■ How to complete this task ■
Give back exactly the lines from the start of the entries below to the line holding "19 de Agosto", that line included, and leave every picture out.

Items listed in a dataset:

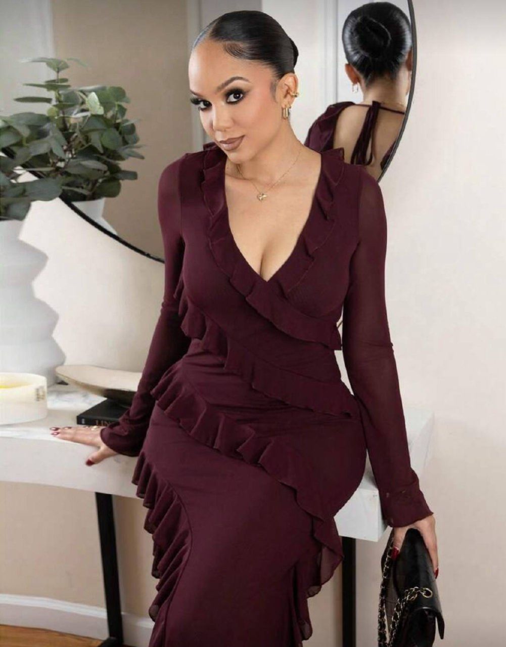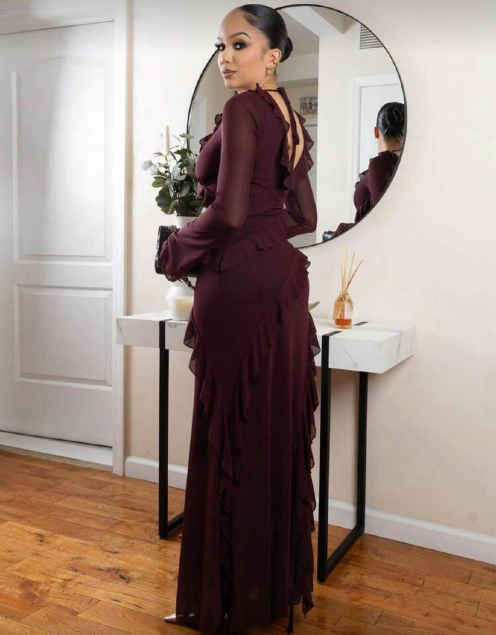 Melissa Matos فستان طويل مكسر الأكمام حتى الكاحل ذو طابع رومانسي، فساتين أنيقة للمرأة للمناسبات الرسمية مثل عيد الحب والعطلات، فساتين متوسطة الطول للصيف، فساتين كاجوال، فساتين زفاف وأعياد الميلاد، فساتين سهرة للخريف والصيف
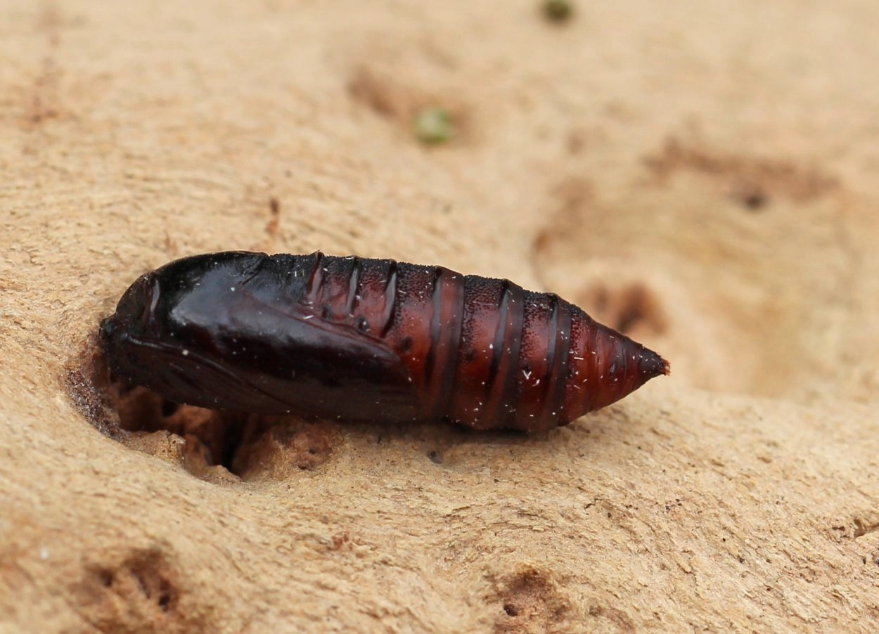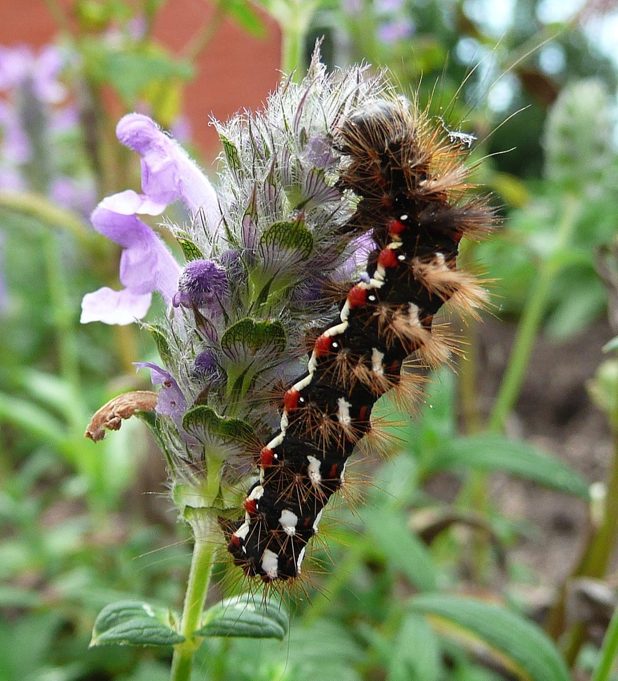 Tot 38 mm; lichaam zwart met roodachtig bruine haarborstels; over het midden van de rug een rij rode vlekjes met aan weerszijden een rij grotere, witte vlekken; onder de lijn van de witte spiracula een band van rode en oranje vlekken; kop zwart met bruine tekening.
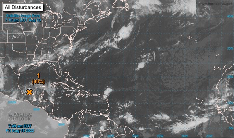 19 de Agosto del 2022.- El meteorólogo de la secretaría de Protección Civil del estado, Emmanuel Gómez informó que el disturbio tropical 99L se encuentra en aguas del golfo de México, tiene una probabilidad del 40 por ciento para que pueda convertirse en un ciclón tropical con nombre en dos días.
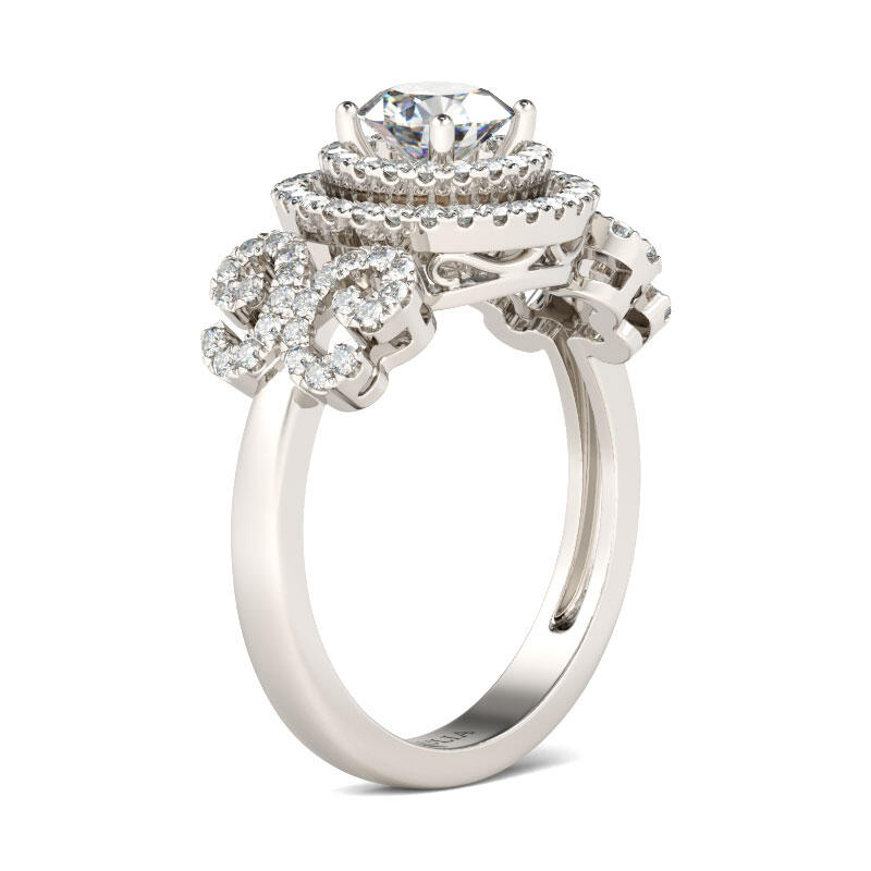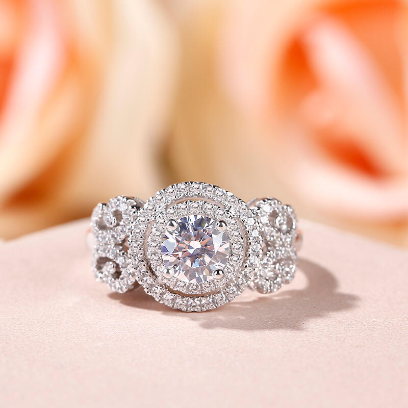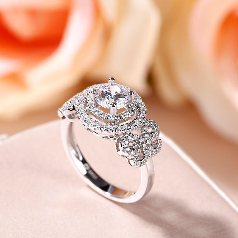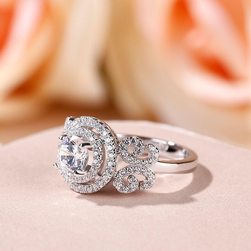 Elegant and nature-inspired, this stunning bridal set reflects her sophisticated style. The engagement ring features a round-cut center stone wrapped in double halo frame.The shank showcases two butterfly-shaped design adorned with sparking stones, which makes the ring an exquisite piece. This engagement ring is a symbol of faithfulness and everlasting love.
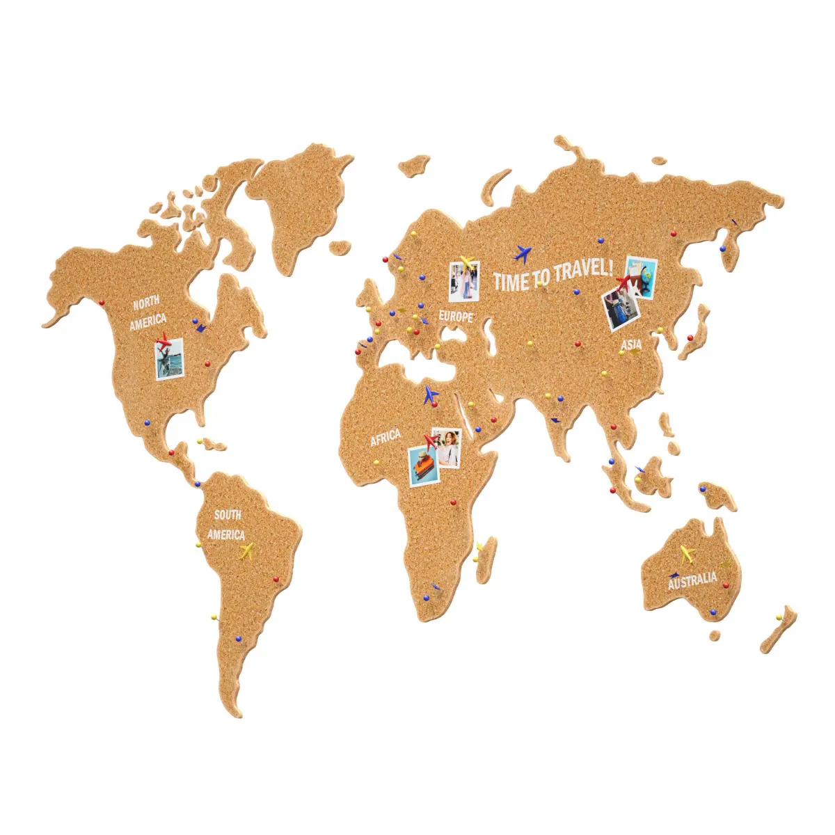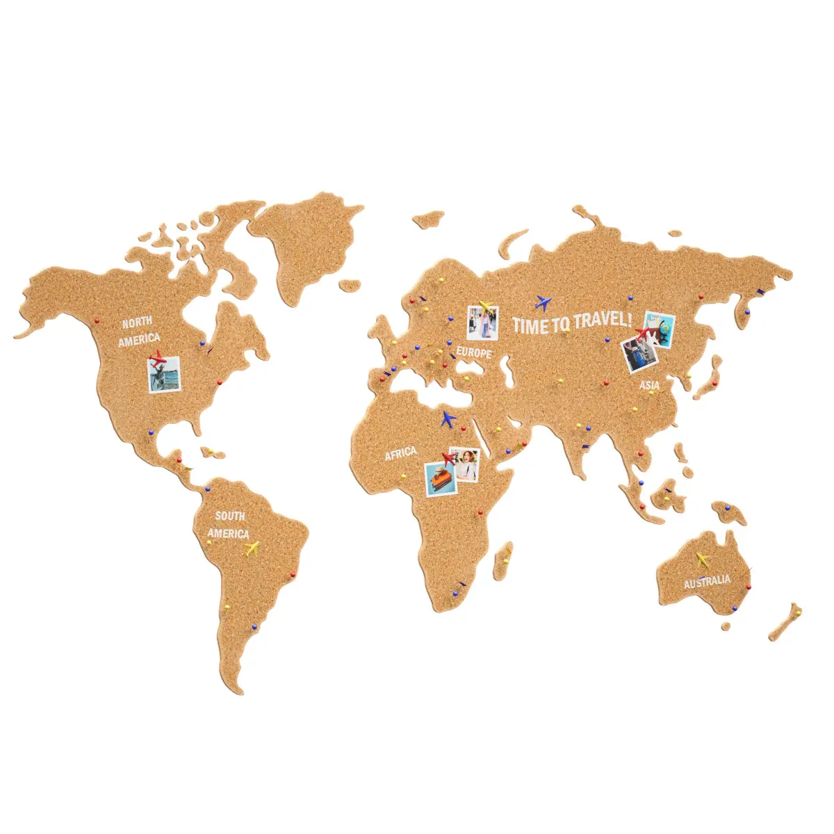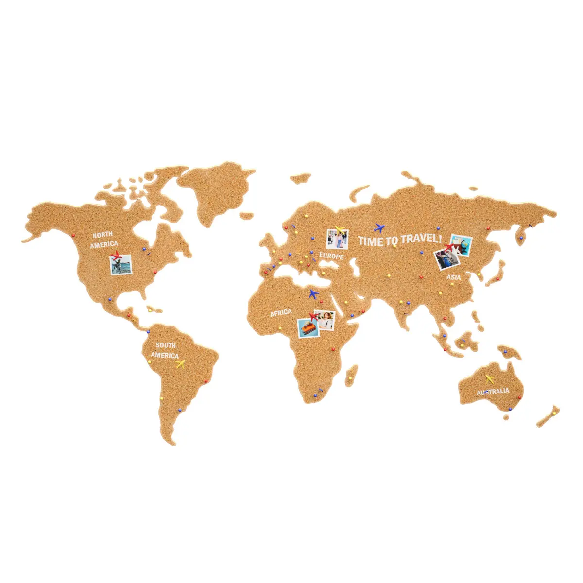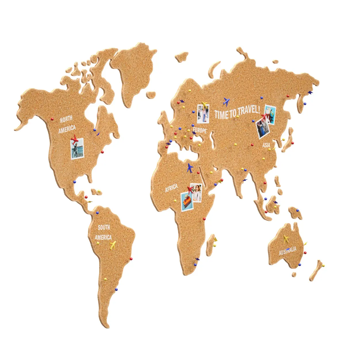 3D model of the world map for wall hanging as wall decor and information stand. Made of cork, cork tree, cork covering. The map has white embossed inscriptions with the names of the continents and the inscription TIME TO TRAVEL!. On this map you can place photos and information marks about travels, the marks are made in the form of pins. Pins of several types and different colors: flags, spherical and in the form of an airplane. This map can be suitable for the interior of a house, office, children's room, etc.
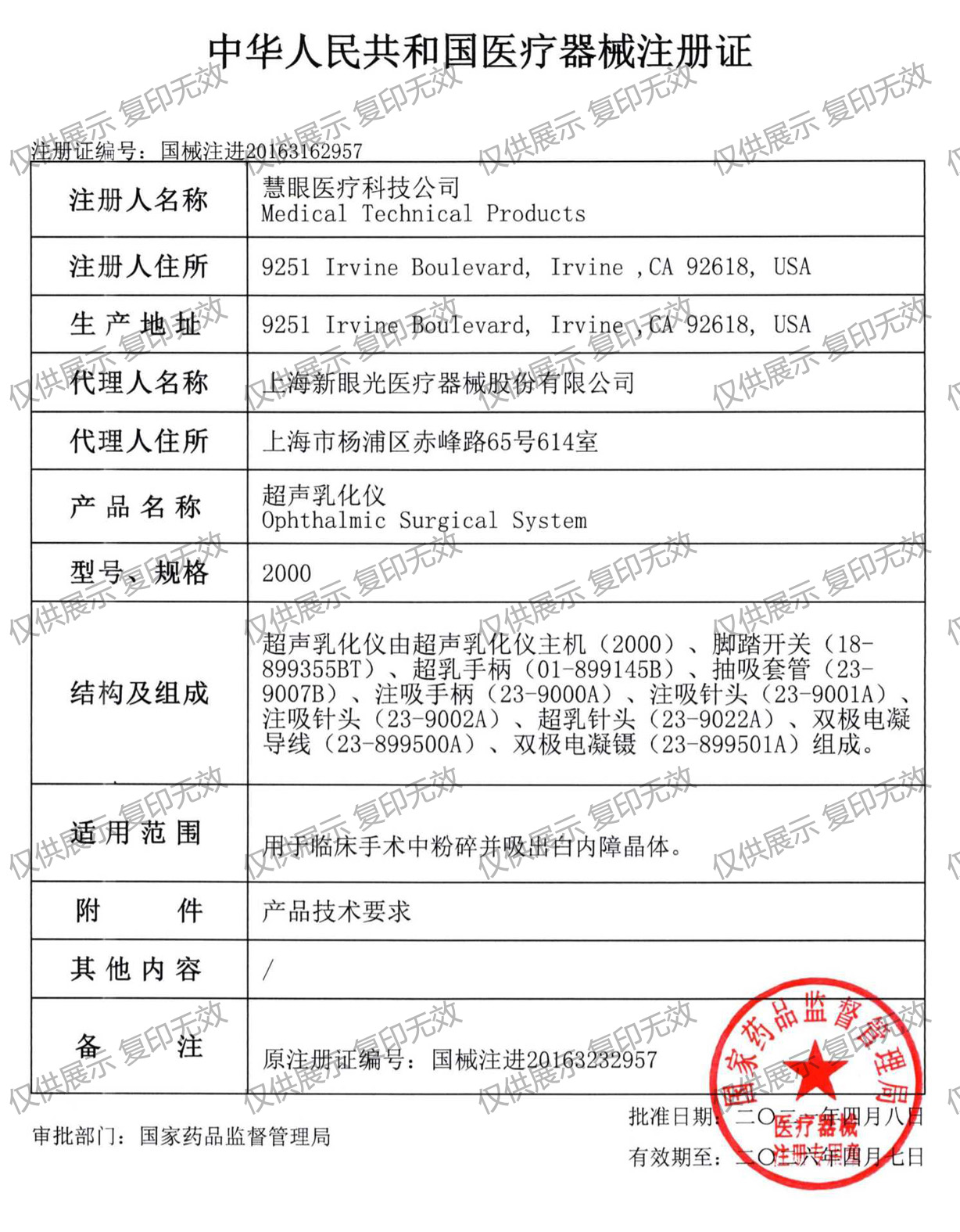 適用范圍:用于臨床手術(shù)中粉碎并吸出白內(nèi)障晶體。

■ Task response ■
 Melissa Matos فستان طويل مكسر الأكمام حتى الكاحل ذو طابع رومانسي، فساتين أنيقة للمرأة للمناسبات الرسمية مثل عيد الحب والعطلات، فساتين متوسطة الطول للصيف، فساتين كاجوال، فساتين زفاف وأعياد الميلاد، فساتين سهرة للخريف والصيف
 Tot 38 mm; lichaam zwart met roodachtig bruine haarborstels; over het midden van de rug een rij rode vlekjes met aan weerszijden een rij grotere, witte vlekken; onder de lijn van de witte spiracula een band van rode en oranje vlekken; kop zwart met bruine tekening.
 19 de Agosto del 2022.- El meteorólogo de la secretaría de Protección Civil del estado, Emmanuel Gómez informó que el disturbio tropical 99L se encuentra en aguas del golfo de México, tiene una probabilidad del 40 por ciento para que pueda convertirse en un ciclón tropical con nombre en dos días.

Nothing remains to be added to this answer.